Exclude all pictures from your copy of the data below, which should otherwise match exactly.

*** Begin section ***

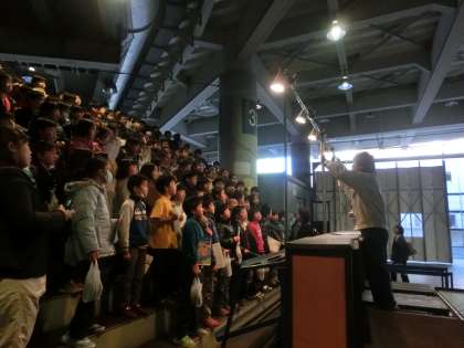 子供たちは、競りの様子や市場の働きについての説明を真剣に聞き、熱心にメモをとっていました。また、実際にフォークリフトやターレット(商品の運搬車)が動く様子を見たときには歓声が上がっていました。
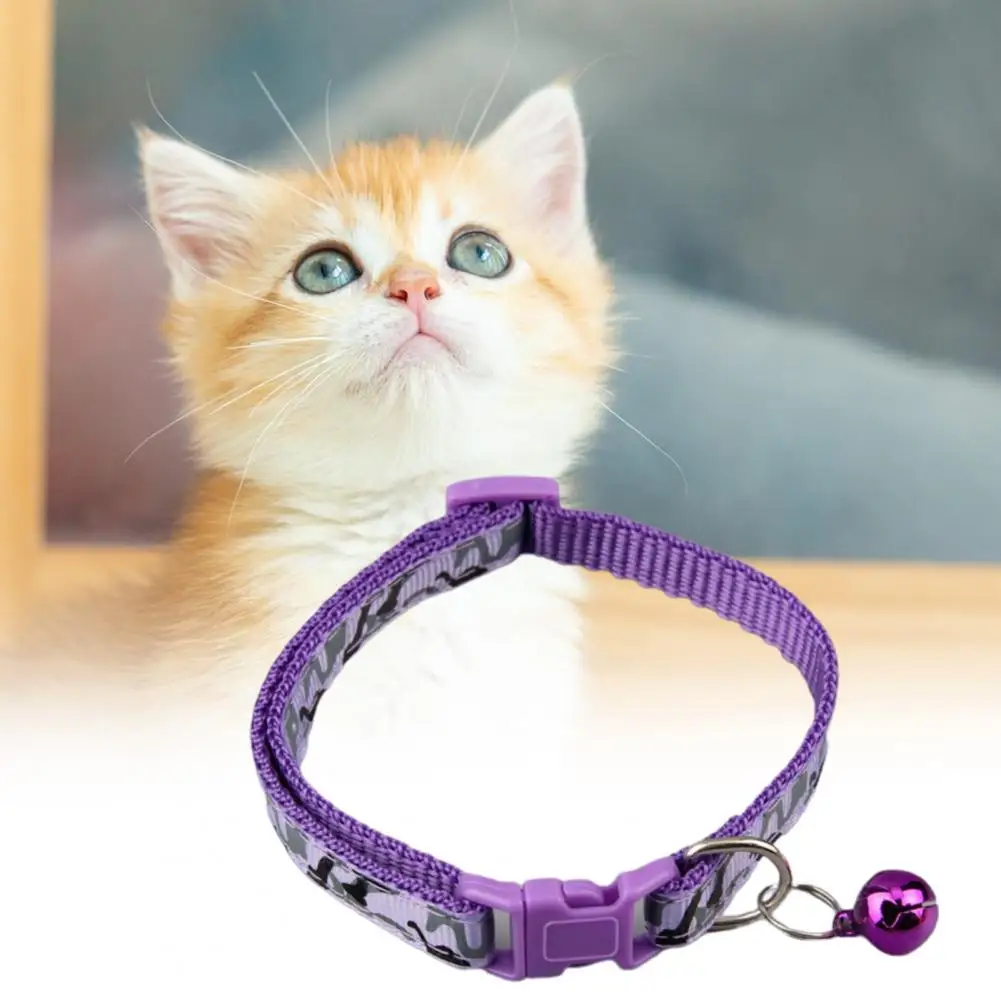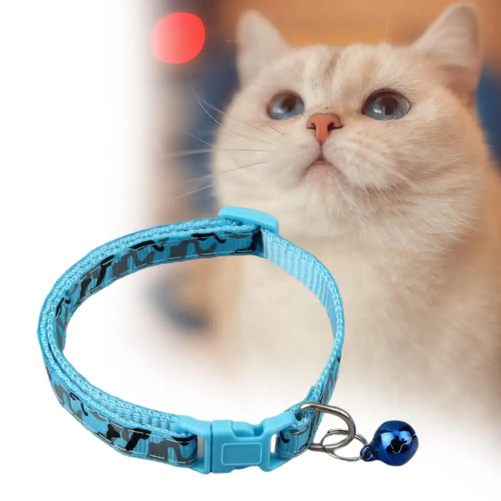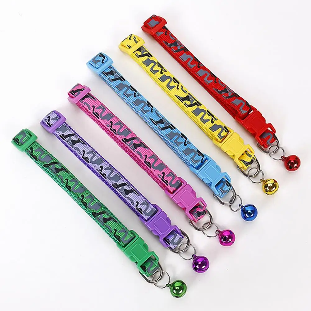 Colorful Pet Collar with Cute Bell Adjustable Dog Cat Collar for Puppies Kittens Stylish Camouflage Pattern DIY Pet Accessories
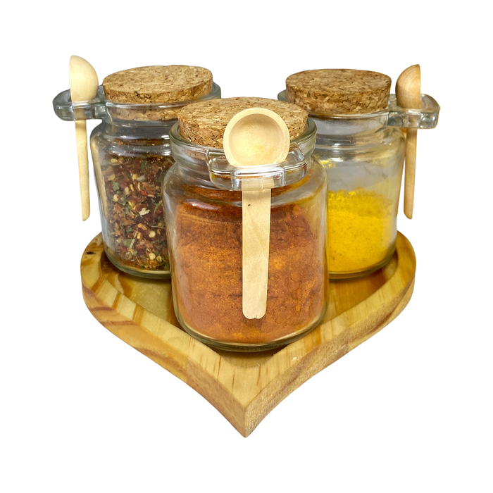 Porta Tempero - Ágora Coração Acompanha 3 Potes de Vidro com Colher de Bambu com 250ml com Rolha
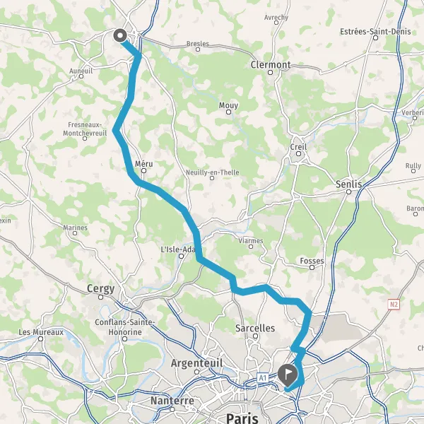 Prendre à droite et rejoindre La Francilienne. Continuer sur 350 mètres
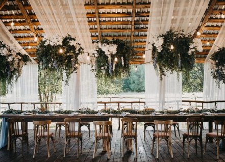 Стилизованная открытая площадка общей вместимостью до 45 гостей. Декорирована белой вуалью и вечерними фонариками. Оборудована костровой зоной.
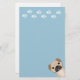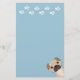 Enkla ljusa lyckliga stationära presentera en fodra av vittassavtryck längs en bästa och gullig mops som kikar från den nedersta höger, tränga någon.
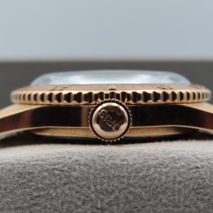 Features: Bronze case, bracelet, and bezel; screw-down crown; luminous hands and indices; unidirectional rotating bezel; screw-down case back; and a Caliber 733 automatic movement with 26 jewels and a 38-hour power reserve.
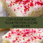 Keywords: almond flour sugar cookie bars, low sugar dessert, protein cookie bars, gluten free bars, healthy dessert, monk fruit sweetener dessert

*** End section ***

[Written solution]
 子供たちは、競りの様子や市場の働きについての説明を真剣に聞き、熱心にメモをとっていました。また、実際にフォークリフトやターレット(商品の運搬車)が動く様子を見たときには歓声が上がっていました。
 Colorful Pet Collar with Cute Bell Adjustable Dog Cat Collar for Puppies Kittens Stylish Camouflage Pattern DIY Pet Accessories
 Porta Tempero - Ágora Coração Acompanha 3 Potes de Vidro com Colher de Bambu com 250ml com Rolha
 Prendre à droite et rejoindre La Francilienne. Continuer sur 350 mètres
 Стилизованная открытая площадка общей вместимостью до 45 гостей. Декорирована белой вуалью и вечерними фонариками. Оборудована костровой зоной.
 Enkla ljusa lyckliga stationära presentera en fodra av vittassavtryck längs en bästa och gullig mops som kikar från den nedersta höger, tränga någon.
 Features: Bronze case, bracelet, and bezel; screw-down crown; luminous hands and indices; unidirectional rotating bezel; screw-down case back; and a Caliber 733 automatic movement with 26 jewels and a 38-hour power reserve.
 Keywords: almond flour sugar cookie bars, low sugar dessert, protein cookie bars, gluten free bars, healthy dessert, monk fruit sweetener dessert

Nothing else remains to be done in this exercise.